Photo Two by By Cimoi [GFDL (http://www.gnu.org/copyleft/fdl.html) or CC BY-SA 3.0  (https://creativecommons.org/licenses/by-sa/3.0)], from Wikimedia Commons

Corinthian column from the Grand Moszue in Kairouan, Tunisia (Photo Two)

Photo Three by By Original uploader was Wetman at en.wikipedia - Transferred from en.wikipedia, CC BY 2.0, https://commons.wikimedia.org/w/index.php?curid=3846707

Wild Acanthus growing amidst the ruins on the Palatine Hill in Rome (Photo Three)

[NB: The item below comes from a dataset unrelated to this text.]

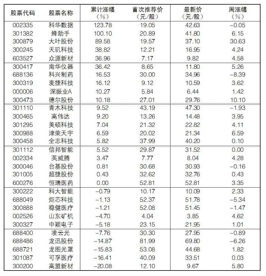 30成份股本周漲幅前五位的分別是大葉股份、德爾股份、津榮天宇、蜂助手、高盟新材,漲幅分別為30.63%、10.10%、6.59%、6.15%、5.80%。

Virgil states that Helen of Troy wore a dress embroidered with Acanthus leaves, and I suspect that she looked very good in it, though if legend is to be believed she’d have looked good in a jute sack.  William Morris was also very taken with the leaves as a design for his fabrics and wallpaper.

Photo Four by Plum Leaf at https://www.flickr.com/photos/eoskins/25665188540

Acanthus leaf wallpaper by William Morris (Photo Four)

The design became so widespread that it even reached the post boxes of England during the Victorian era. No wonder that, in the Language of Flowers, an Acanthus means ‘art’.

Photo Five by By © Andrew Dunn - Self-photographed, CC BY-SA 2.0, https://commons.wikimedia.org/w/index.php?curid=125504

A Penfold-design post box in Cambridge (1866-79) with Acanthus leaf motif on the top (Photo Five)

Acanthus is what is known as entomophilous (or ‘insect-loving’), and is pollinated by big, heavy insects such as bumblebees, who are the only ones strong enough to force their way into the flower. The plant also spreads by means of its rhizomes, and can be quite invasive in the right conditions. It is a remarkably unfussy plant, happy in shade or in drought, and it certainly packs a punch appearance-wise. I need to have a garden about three times as large as my current one to accommodate all these plants that I keep finding out about.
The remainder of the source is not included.